The Hotel Industry of Malaysia MAH: Moving Forward report expects a "slow but steady demand" in the third and fourth quarter of the year for hotel bookings as people take advantage of hotel promotions in advance.

It said hotels in Perak, Pahang, Terengganu and Kelantan would see an earlier recovery once interstate travel is allowed as those states are highly dependent on the domestic market, while Langkawi and Sabah would be the last to recover as both are dependent on international tourists.

On Sunday, Prime Minister Tan Sri Muhyiddin Yassin announced that the domestic tourism sector could resume operations on June 10 during the recovery MCO phase.

Muhyiddin also announced that interstate travel would be allowed.

Malaysian Association of Tour and Travel Agents (MATTA) president Datuk Tan Kok Liang said its members were prepared to accept bookings, noting that they had started working a month ago together with hotels on health and safety protocols.

"We hope consumer confidence will rebound and people will start to travel again," he said.

Tan said the packages that the tourism industry would offer in line with the new travel norms would cover nature, adventure, hiking, rural tourism and car rentals.

He added that MATTA would organise an online domestic travel fair in September followed by a physical fair if the situation in the country improves.

Tan hoped that the domestic travel market would restart with government servants and their families starting to travel as well as people utilising travel vouchers given by the government.

"MATTA will also propose to the Federal Government in the next budget on giving tax reduction for corporations that send their employees for meetings, trainings and conferences," he said.

Malaysia Budget Hotel Association (MyBHA) president Emmy Suraya Hussein said its members were "ready, orderly and are safe" to receive bookings as they had prepared for this day by following the government's SOP.

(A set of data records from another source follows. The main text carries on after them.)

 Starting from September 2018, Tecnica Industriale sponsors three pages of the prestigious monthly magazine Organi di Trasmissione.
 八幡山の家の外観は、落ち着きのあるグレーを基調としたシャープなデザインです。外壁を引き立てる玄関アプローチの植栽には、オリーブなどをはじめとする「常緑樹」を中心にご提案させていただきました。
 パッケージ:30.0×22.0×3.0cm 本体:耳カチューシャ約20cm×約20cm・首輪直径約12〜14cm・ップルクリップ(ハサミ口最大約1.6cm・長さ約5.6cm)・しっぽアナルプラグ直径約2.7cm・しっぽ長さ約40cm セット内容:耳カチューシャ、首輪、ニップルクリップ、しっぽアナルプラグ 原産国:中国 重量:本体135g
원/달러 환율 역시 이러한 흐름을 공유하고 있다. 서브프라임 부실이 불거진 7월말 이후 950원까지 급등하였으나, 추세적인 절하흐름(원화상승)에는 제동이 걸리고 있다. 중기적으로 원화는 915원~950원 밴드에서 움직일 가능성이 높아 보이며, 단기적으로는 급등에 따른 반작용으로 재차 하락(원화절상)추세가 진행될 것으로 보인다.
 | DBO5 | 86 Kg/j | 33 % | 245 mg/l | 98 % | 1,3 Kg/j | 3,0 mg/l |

"People will not immediately travel once the recovery MCO starts, but I believe people will return in a staggered manner from July. There will be people travelling but domestic travellers are still worried about their safety and health," she said.

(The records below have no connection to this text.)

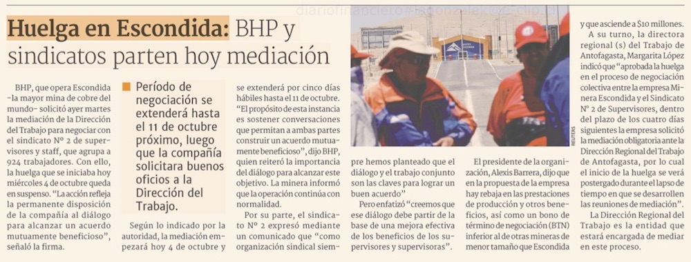 Minera Escondida busca mediación de la Dirección del Trabajo ante huelga - (El Mercurio de Calama)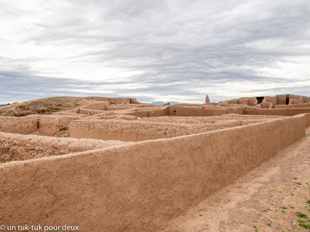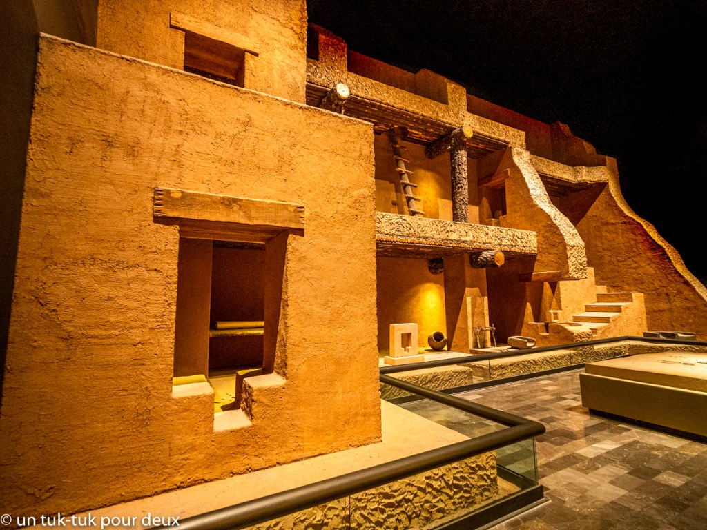 De la place centrale, cela peut se faire à la marche, mais nous partons avec le tuk-tuk pour visiter le Museo de las Culturas del Norte et les ruines du village précolombien Paquimé, classées au patrimoine mondial par l’UNESCO depuis 1998. Tous deux inclus dans le prix du même billet. Le musée nous intéresse bien et le site présente beaucoup de similitudes avec les vestiges en adobe qu’on retrouve au Nouveau-Mexique et en Arizona. L’endroit est très peu touristique, nous sommes seuls avec les employés qui travaillent à la restauration. Nous prenons notre temps et profitons de la très belle vue sur la vallée et les montagnes alentour. Quelques semaines plus tard, lorsque nous visiterons le magnifique musée d’anthropologie de Mexico (à visiter obligatoirement), nous verrons des reproductions grandeur nature des habitations de cette région. Comme vous pouvez vous en douter, Paquimé est le premier site archéologique d’une longue liste que nous aurons la chance d’explorer au cours de notre découverte du Mexique.
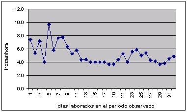 Los primeros 13 días que se ilustran en las Figuras 4 y 5, corresponden a las primeras dos áreas de prueba. En estos primeros días se observa gran variación en el número de trozas arrimadas por hora y se nota que el promedio diario es mayor que en el resto del periodo. Esto se debe a que en las primeras dos áreas la distancia máxima de arrime era menor a 480 m, y las trozas eran de un volumen unitario menor, por lo que con frecuencia se realizaron viajes con dos trozas, ya que se encontraban en áreas accesibles.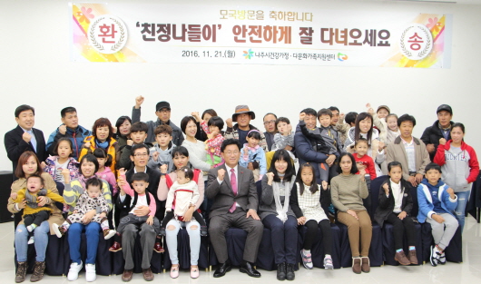 ³ªÁֽà °Ç°°¡Á¤?´Ù¹®È°¡Á·Áö¿ø¼¾ÅÍ ÁÖ°üÀ¸·Î ¼±Á¤µÈ À̵éÀº °íÇâÃâ¹ß¿¡ ¾Õ¼ 21ÀÏ ¿ÀÀü ¼Û¿ùµ¿ ¿¥½ºÅ×ÀÌÈ£ÅÚ¿¡¼ ¿¸° ȯ¼ÛÇà»ç¿¡¼ °¡Á· ¾Ù¹üÀ» ¸¸µé°í, ¸ð±¹¿¡¼ ±â´Ù¸®°í ÀÖ´Â °¡Á·µé¿¡°Ô ¹æ¹® °¡Á·µéÀÇ ¼Ò°¨À» ¿µ»óÀ¸·Î ³ª´©¸ç °íÇâ¹æ¹®¿¡ ´ëÇÑ ¼³·½°ú ±â´ë¸¦ Ç¥ÇöÇß´Ù.

Kedah and Perlis Malaysian Association of Hotels chairman Eugene Dass agreed that there would not likely be an immediate surge in hotel bookings.

However, the association believes things will pick up when ferry services become more frequent, attractions open up and flight connectivity improves.

Meanwhile, Federation of Chinese Associations Malaysia (Huazong) president Tan Sri Goh Tian Chuan hoped that the rollout of various tax incentives for the tourism sector
that were announced in the Short Term Economic Recovery Plan (Penjana) last Friday could be expedited to spur domestic tourism.

Among the tax incentives include exemption on tourism tax from July 1 this year to June 30, 2021, an extension of service tax exemption for hotels until June 30 next year, and extension of income tax relief of RM1,000 for domestic tourism expenses to Dec 31,2021.